В ходе этих исканий одни ценности, более глубокие, подлинные, укоренялись, входили в «состав личности», другие, напротив, обнаруживали свою недостаточность, неспособность стать «вечными спутниками». Как-то, напомнив в разговоре с Лихоносовым высказывание Твардовского в предисловии к бунинскому собранию сочинений, я услышал как бы предысторию этой характеристики.
– В январе шестьдесят пятого года, – рассказывал Лихоносов, – в день отъезда в Краснодар, я зашел напоследок в «Новый мир» и случайно застал там Твардовского. В его кабинете и пробыл минут двадцать. Сначала говорили о Бунине – Твардовский как раз заканчивал вступительную статью к его собранию сочинений. «В «Брянских» чувствуется влияние Бунина», – сказал он. Я, конечно, не скрыл того, как сильно люблю Бунина, но в чем его влияние на меня, я еще и сам не знаю. В первые годы студенчества я увлекался и Паустовским, читал все-все, а теперь охладел. «Может, – сказал я Твардовскому, – виной тому новые правдивые книги, новые писатели, может, это у меня временно, через год-другой пройдет, и к Паустовскому меня снова потянет?» – «Нет, – уверенно сказал Твардовский, – не будете читать.

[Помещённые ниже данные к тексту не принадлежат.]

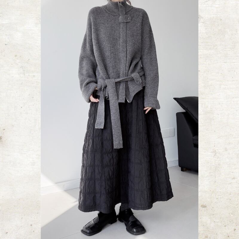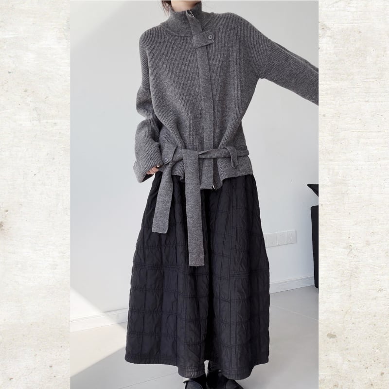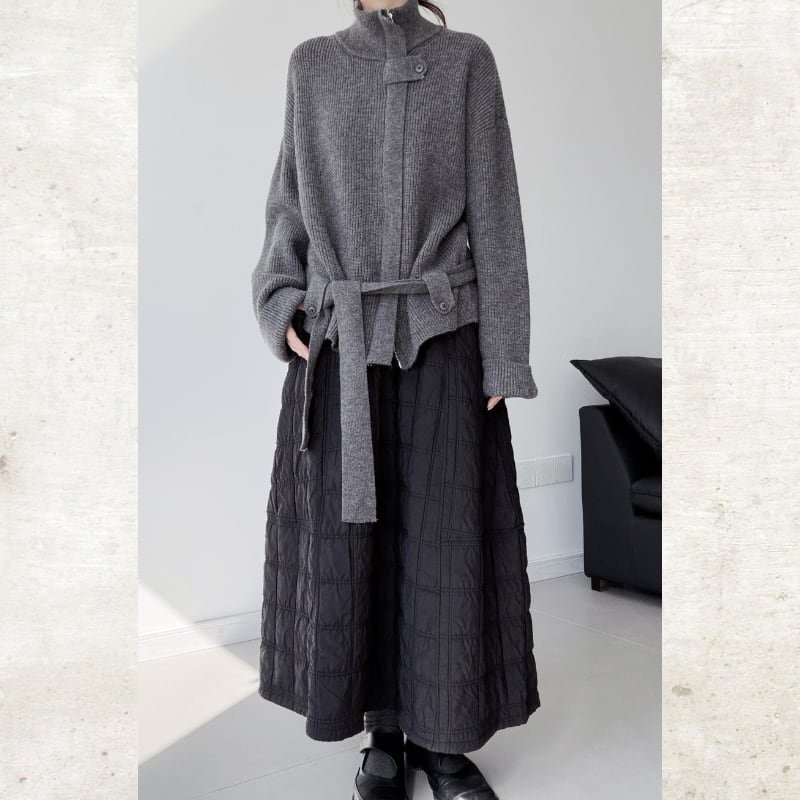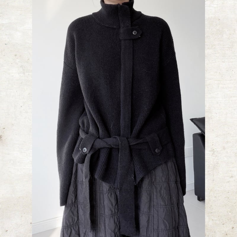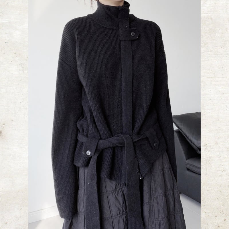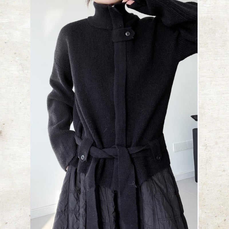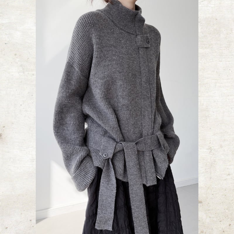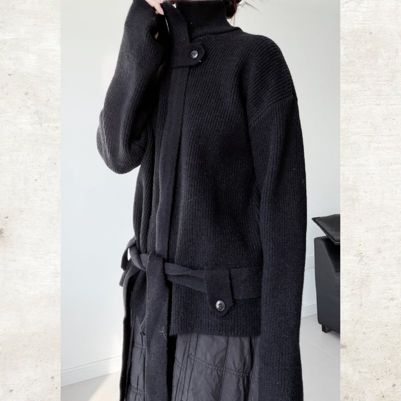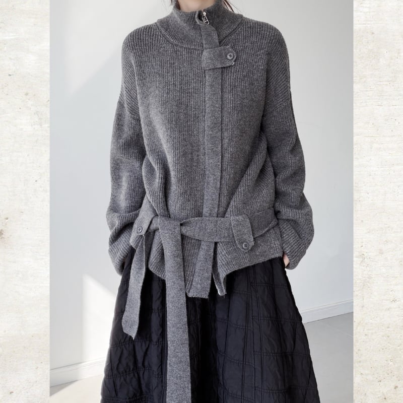 スタンドカラーベルト付ニットジャケット
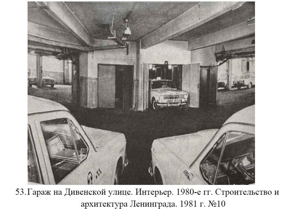 «Помимо функционального значения, шахта играет важную конструктивную роль, являясь монолитным ядром жесткости рамного каркаса. Наличие трёх лифтов обеспечивало оптимальный режим вертикальных коммуникаций, и вместе с тем такое оборудование занимало минимум площади. Односторонняя ориентация подъемников объяснялась отсутствием сквозного проезда, устройству которого препятствовали замкнутые границы владения» (Кириков Б. М., Фёдоров С. Г. Гаражи начала века // Строительство и архитектура Ленинграда. 1981. Nº 10. C. 37–38).
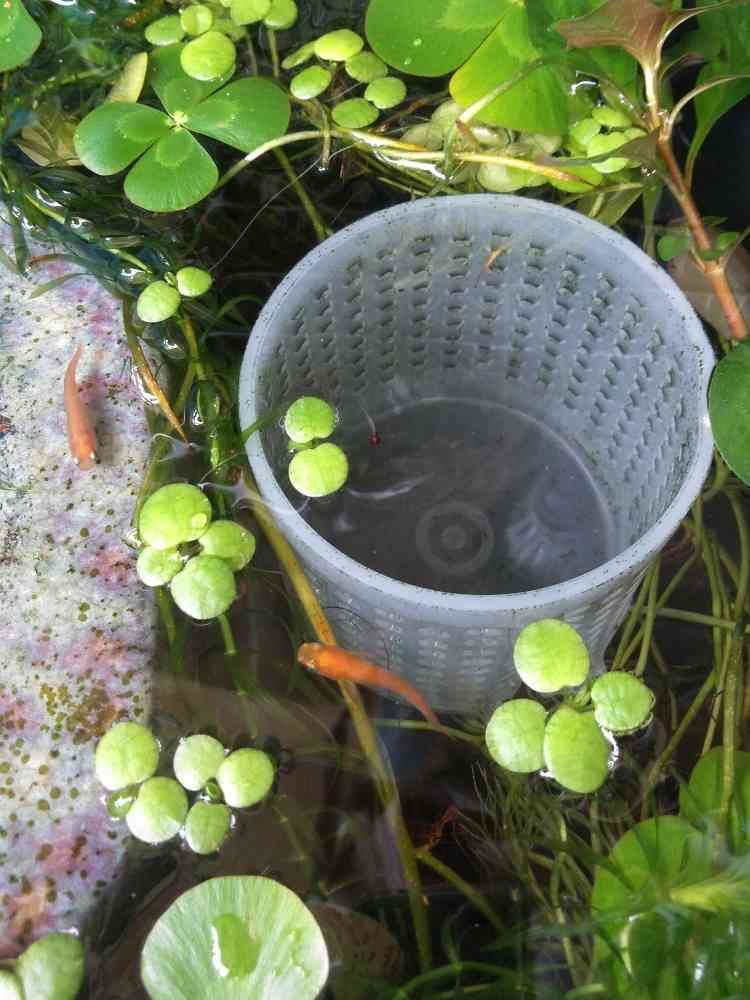 あと、こうやって容器を沈めると、ここにサカマキガイが集まるので、たまに持ち上げて駆除したりします(笑)
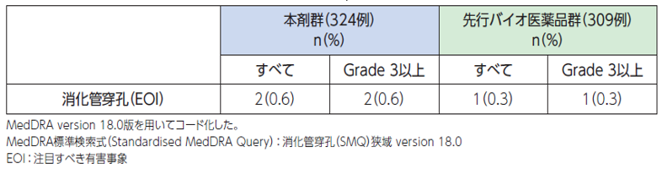 先行バイオ医薬品(アバスチン)の国内外臨床試験及び海外市販後において、消化管穿孔が認められた多くの患者さんに、腫瘍壊死、憩室炎、がん化学療法に関連する大腸炎等の腹腔内の炎症や、胃潰瘍等の合併がありました。「消化管など腹腔内の炎症を合併している患者さん」においては、投与の適否を慎重に判断する必要があります。また、投与期間中、このような患者さんにおいては特に注意し、腹痛などの予兆を見逃さずに、消化管穿孔への迅速かつ適切な対応を行う必要があります。
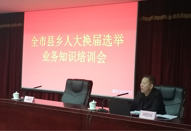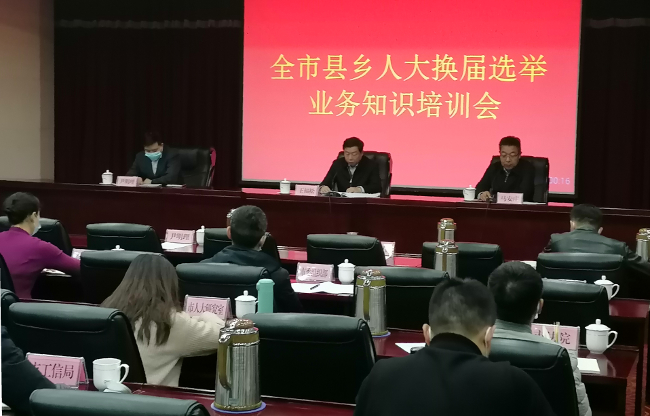 为全面学习贯彻省委、市委县乡换届选举部署议精神,切实做好全市县乡人大换届选举工作,12月22日,市人大常委会组织召开全市县乡人大换届选举业务知识培训会议。会议以电视电话会形式举行,主会场设在市人大常委会机关会议室,各开发区和区县(市)分别设分会场。市人大常委会副主任王福松在主会场参加会议并做动员讲话。
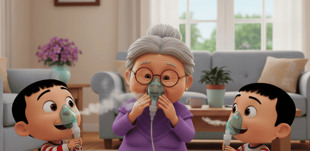 Nebulizer membantu lansia menerima dosis obat yang stabil tanpa perlu koordinasi pernapasan yang sulit.
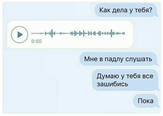 4. Аудиосообщения нужно слушать. А если ты в людном месте или не один? Наушники? Вот значит кто-то не хочет напрячься и написать текст, ему легче проговорить, но он тебя хочет напрячь, чтобы ты достал и одел наушники.
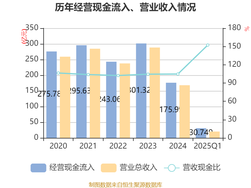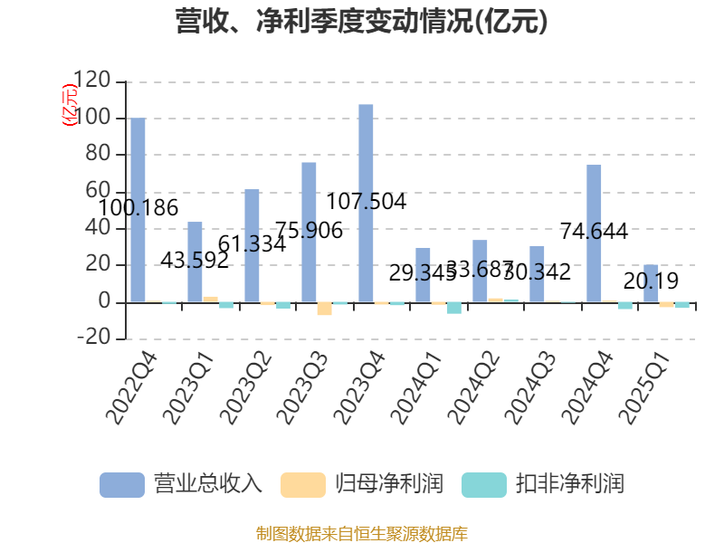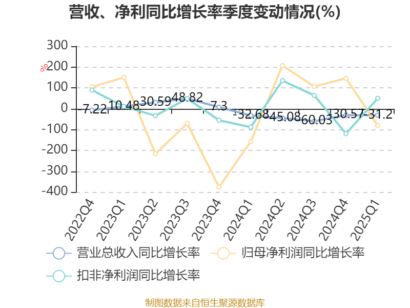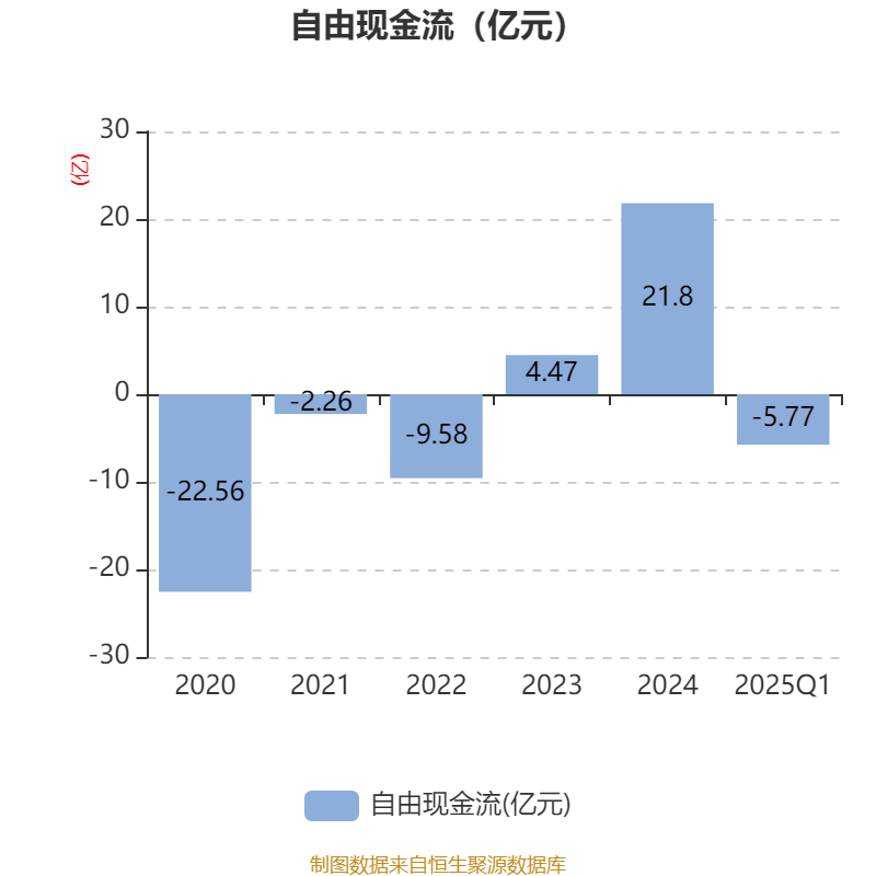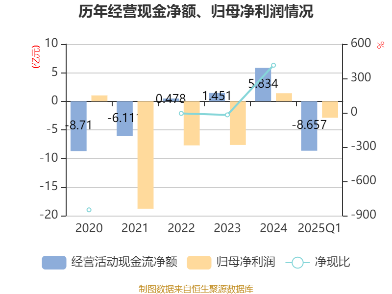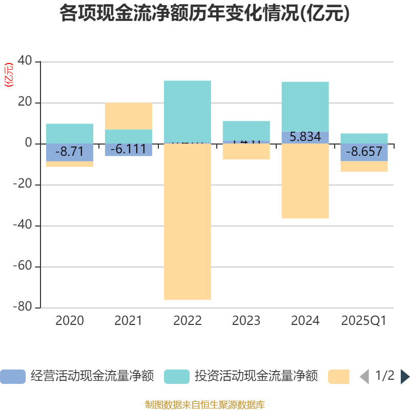 截至2025年一季度末,公司经营活动现金流净额为-8.66亿元,同比增加4.72亿元;筹资活动现金流净额-5.1亿元,同比增加9.67亿元;投资活动现金流净额4.9亿元,上年同期为12.29亿元。

Паустовский в своих книгах все-таки… прошел мимо жизни».
Именно Бунин остался для В. Лихоносова (как и многих других современных русских прозаиков) неким классическим ориентиром, подражать которому невозможно, как невозможно не учиться у него.
В живом литературном процессе, таким образом, наследие Бунина играет свою важную и плодотворную роль. Его реалистическое творчество, творчество младшего современника Л. Толстого и Чехова, ровесника Горького и Куприна, современника А. Толстого, является как бы мостом между классической литературой XIX века и русской современной литературой. «Бунин – по времени последний из классиков русской литературы, чей опыт мы не имеем права забывать… – писал А. Твардовский. – Перо Бунина – ближайший к нам по времени пример подвижнической взыскательности художника, благородной сжатости русского литературного письма, ясности и высокой простоты, чуждой мелкотравчатым ухищрениям формы ради самой формы».
Его творчество остается сокровищницей русской культуры, сокровищницей родного языка. С его кончиной, последовавшей в Париже, в скромной квартире на улице Жака Оффенбаха в ночь на 8 ноября 1953 года, в небытие погрузился целый огромный и прекрасный мир.